Paying advisory fees from an IRA

We have heard from several different advisors that they are having their clients’ advisory fees aggregated and taken from IRA’s. Our understanding as well as from what we can find online is that only fees attributable to an IRA can be taken from the IRA. For example, you cannot take the advisory fee for an individual or trust account from an IRA, even if the IRA account owner is the same person. Is there an IRC loophole that allows for non-IRA fees to be taken from an IRA?



  • No loophole. You are correct that only fees attributed to the IRA assets can be paid pre tax from the IRA. Fees attributed to a Roth IRA can only be deducted from the Roth IRA and of course those would be paid post tax. This means that advisors are going to have to break out the fees per account or combinable groups of accounts.

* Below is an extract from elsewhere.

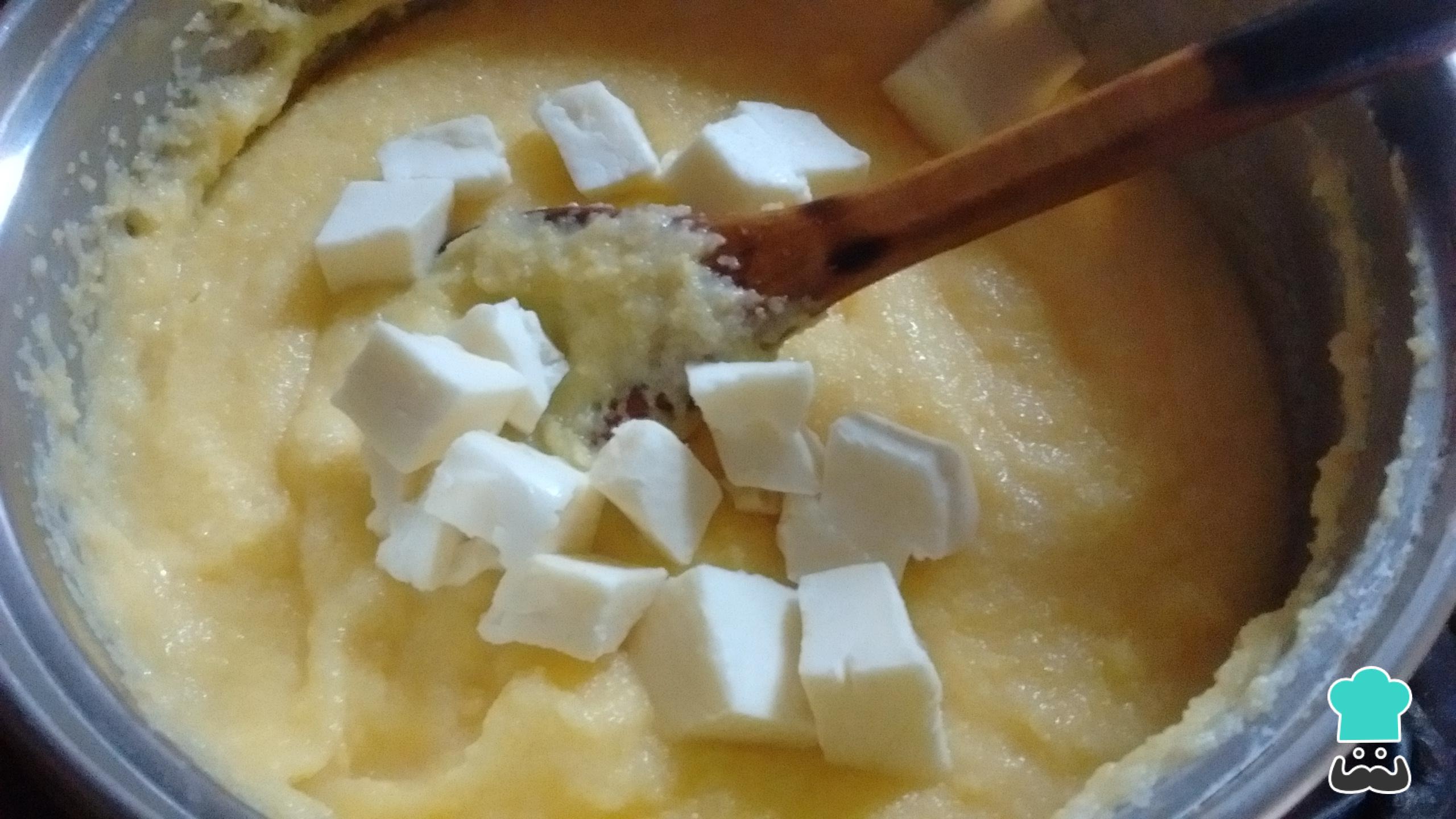 Cuando tu polenta esté cremosa, apaga el fuego y agrega el queso fresco, revuelve para que se derrita.

In the past IRA fees could be paid with outside funds and possible qualify for a misc deduction, but that deduction has been terminated by the TCJA. Probably the best approach is to have TIRA fees deducted directly from the TIRA, and Roth IRA fees paid from other funds rather than being deducted from the Roth IRA.
  • If an IRA paid such fees, at best it would constitute a taxable distribution plus penalty or at worst a prohibited transaction that could disqualify the IRA, so the financial industry is going to have to make adjustments to their billing methods to avoid these issues.